Coxl7p was first cloned as a cytoplasmic copper chaperone from yeast mutant and recent works suggested the existence of mammalian homologues. Previous report has shown that a gel filtration fraction of heart extract containing porcine Coxl7p peptide promoted the survival of NIH3T3 fibroblast cells. In the present study, we first cloned DNA fragments of the mouse COX17 gene. The mouse COX17 spans approximately 6kb and consists of three exons. It was mapped to the center of chromosome 16, using a radiation hybrid-mapping panel. The major transcription start site is 80 bp upstream of the ATG initiation codon as determined by rapid amplification of cDNA ends (5'-RACE) analysis. Two potential polyadenylation sites are 3233 and 3293 bp downstream of the termination codon, respectively. Transient transfection of reporter plasmids containing portions of the mouse COX17 5'-flanking region into AtT-20 and NIH3T3 cells allowed the localization of the essential promoter to a 0.8 kb region upstream of the transcription starting site.
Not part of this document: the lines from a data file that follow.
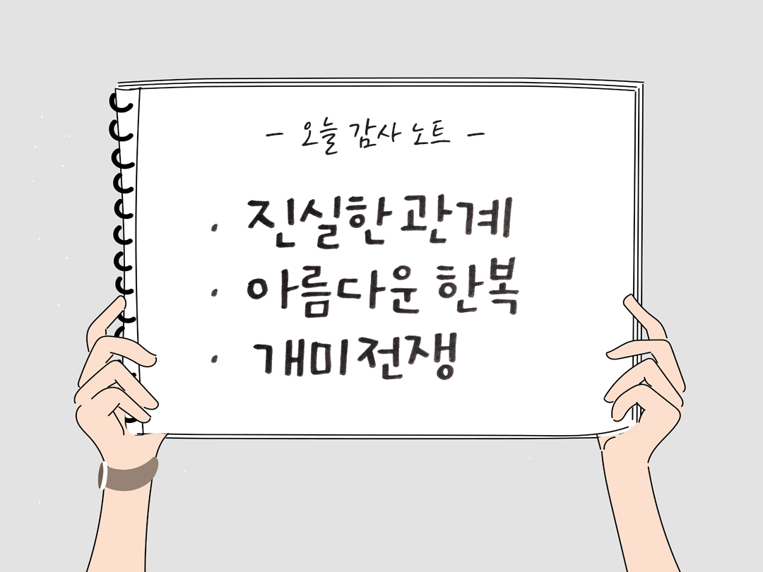 - 감사하는 순간마다 휴대폰에 메모하고 규칙적인 시간을 정해 감사노트에 옮겨 적기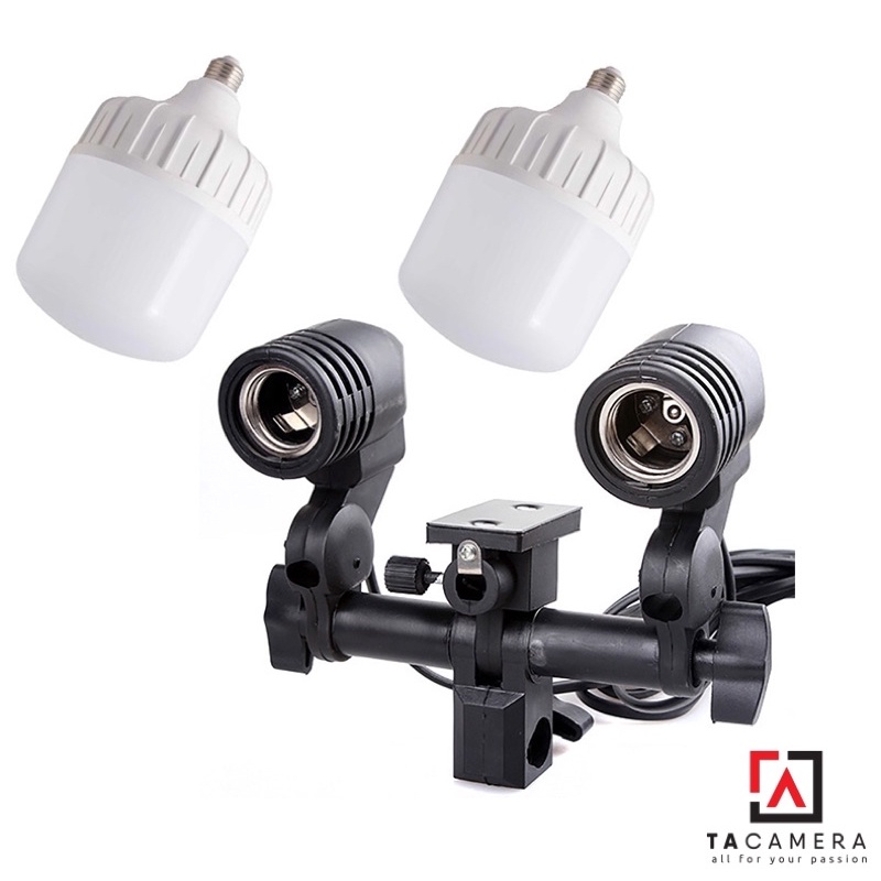 TA Camera: Combo Đui Đèn Đôi E27 (có thể gắn 2 bóng cùng lúc) + 2 Bóng Đèn LED Kenno siêu sáng 50W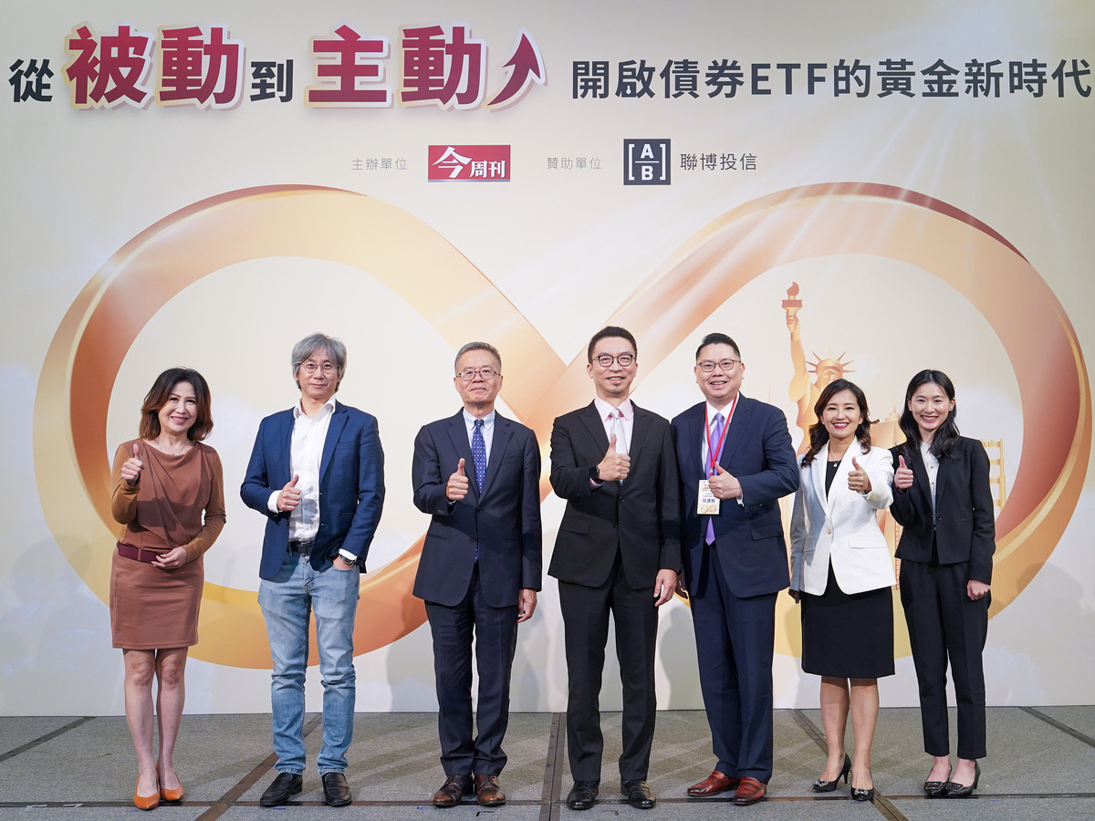 左起資深媒體人陳斐娟、今周刊副社長楊紹華、發行人梁永煌、聯博投信董事長翁振國、凱基證券財富管理處主管阮建銘、聯博投信固定收益資深投資策略師江常維、ETF發展部副總經理鍾郁婕為主動式債券ETF開啟新的序幕。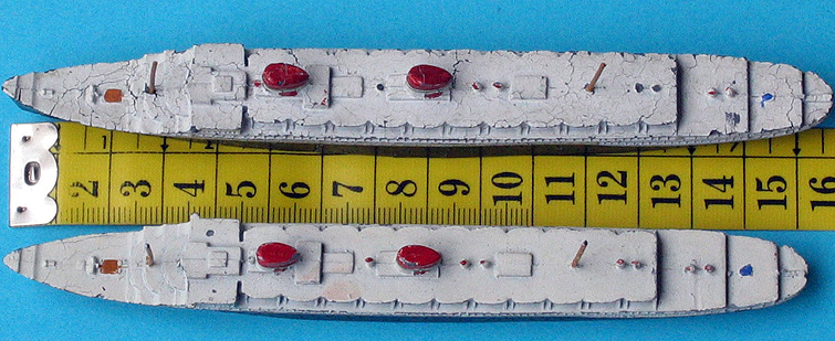It exceeded the German no. 51b Europa in size by 1,316 gross tons. Both of them were the only non-British ships in the range. Though belonging to the bigger ship models (152 and 165 mm long respectively), contrary to the Queen Mary (and Normandie) the Rex (and Europa) consisted of one single casting only. The single casting was supplemented by two separate masts of wire, inserted into the appropriate deck holes to complete the model.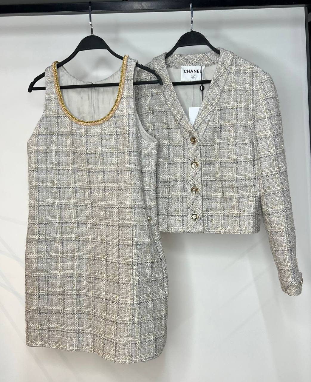 Изысканный женский костюм Chanel — это сочетание классического стиля и современных тенденций. Костюм состоит из элегантного платья-сарафана и укороченного жакета, создающих гармоничный и стильный образ. Этот комплект идеально подойдет для особых случаев и деловых встреч.

Furthermore, the transfected luciferase activity was much higher in AtT-20 than NIH3T3. According to sequence analysis of the approximately 0.8kb 5'-flanking region, GC rich segments including consensus sequences for binding of the transcription factor Sp1, but no TATA/CAAT boxes, exist in the region of the transcription start site. Besides the GC box, binding sites for NRF-1 and 2 known as specific transcription factors for COX subunits are also localized around the transcription starting site.

[Indexed for MEDLINE]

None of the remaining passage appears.